TASK PROMPT: Stopping right after the line with "Mickey Mantle Signed", please reproduce the material below exactly from its first line.

STORED DATA:
————————
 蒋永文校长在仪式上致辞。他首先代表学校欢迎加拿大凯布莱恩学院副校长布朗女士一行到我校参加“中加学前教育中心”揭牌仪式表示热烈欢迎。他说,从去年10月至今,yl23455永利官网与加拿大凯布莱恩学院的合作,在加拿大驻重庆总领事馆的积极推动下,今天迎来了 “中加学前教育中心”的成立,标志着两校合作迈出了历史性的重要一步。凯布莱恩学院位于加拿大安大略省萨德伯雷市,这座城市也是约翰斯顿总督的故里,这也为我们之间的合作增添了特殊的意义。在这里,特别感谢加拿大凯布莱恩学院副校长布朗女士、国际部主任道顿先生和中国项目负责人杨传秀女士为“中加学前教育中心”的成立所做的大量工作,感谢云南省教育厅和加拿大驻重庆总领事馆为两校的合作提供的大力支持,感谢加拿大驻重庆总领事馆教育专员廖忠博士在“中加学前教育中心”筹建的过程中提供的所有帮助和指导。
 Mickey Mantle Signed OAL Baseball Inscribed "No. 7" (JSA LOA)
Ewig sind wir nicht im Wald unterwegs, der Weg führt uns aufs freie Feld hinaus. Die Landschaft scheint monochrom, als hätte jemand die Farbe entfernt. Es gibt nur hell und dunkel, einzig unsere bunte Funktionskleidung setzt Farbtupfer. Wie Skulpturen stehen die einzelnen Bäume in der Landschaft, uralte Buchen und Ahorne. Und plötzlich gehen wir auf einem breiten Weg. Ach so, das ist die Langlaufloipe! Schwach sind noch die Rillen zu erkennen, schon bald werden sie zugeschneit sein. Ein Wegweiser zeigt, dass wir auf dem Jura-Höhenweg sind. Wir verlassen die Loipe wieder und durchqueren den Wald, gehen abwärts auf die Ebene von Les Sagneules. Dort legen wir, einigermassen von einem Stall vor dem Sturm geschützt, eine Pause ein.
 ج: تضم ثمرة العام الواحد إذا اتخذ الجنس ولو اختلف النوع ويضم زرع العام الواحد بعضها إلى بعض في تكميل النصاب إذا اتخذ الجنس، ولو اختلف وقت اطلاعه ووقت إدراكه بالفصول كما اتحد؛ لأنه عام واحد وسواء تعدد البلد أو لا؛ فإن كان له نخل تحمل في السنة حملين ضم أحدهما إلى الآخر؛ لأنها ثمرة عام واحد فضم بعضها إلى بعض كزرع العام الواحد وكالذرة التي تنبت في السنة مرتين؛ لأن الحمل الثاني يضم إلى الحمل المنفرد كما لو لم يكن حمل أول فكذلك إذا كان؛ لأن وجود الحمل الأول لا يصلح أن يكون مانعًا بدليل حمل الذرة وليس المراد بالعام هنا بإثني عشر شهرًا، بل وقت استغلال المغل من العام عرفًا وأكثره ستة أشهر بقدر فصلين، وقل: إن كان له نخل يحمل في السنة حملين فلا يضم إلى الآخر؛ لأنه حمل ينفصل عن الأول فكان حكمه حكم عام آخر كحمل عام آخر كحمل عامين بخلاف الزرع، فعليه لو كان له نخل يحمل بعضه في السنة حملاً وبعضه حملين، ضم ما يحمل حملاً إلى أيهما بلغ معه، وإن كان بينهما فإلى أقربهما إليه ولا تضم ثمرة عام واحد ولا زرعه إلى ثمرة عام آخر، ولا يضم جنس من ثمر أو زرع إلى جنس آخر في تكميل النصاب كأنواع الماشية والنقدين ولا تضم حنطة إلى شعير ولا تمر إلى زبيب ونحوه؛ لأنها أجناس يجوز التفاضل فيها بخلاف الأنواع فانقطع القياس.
————————
WRITTEN SOLUTION:
 蒋永文校长在仪式上致辞。他首先代表学校欢迎加拿大凯布莱恩学院副校长布朗女士一行到我校参加“中加学前教育中心”揭牌仪式表示热烈欢迎。他说,从去年10月至今,yl23455永利官网与加拿大凯布莱恩学院的合作,在加拿大驻重庆总领事馆的积极推动下,今天迎来了 “中加学前教育中心”的成立,标志着两校合作迈出了历史性的重要一步。凯布莱恩学院位于加拿大安大略省萨德伯雷市,这座城市也是约翰斯顿总督的故里,这也为我们之间的合作增添了特殊的意义。在这里,特别感谢加拿大凯布莱恩学院副校长布朗女士、国际部主任道顿先生和中国项目负责人杨传秀女士为“中加学前教育中心”的成立所做的大量工作,感谢云南省教育厅和加拿大驻重庆总领事馆为两校的合作提供的大力支持,感谢加拿大驻重庆总领事馆教育专员廖忠博士在“中加学前教育中心”筹建的过程中提供的所有帮助和指导。
 Mickey Mantle Signed OAL Baseball Inscribed "No. 7" (JSA LOA)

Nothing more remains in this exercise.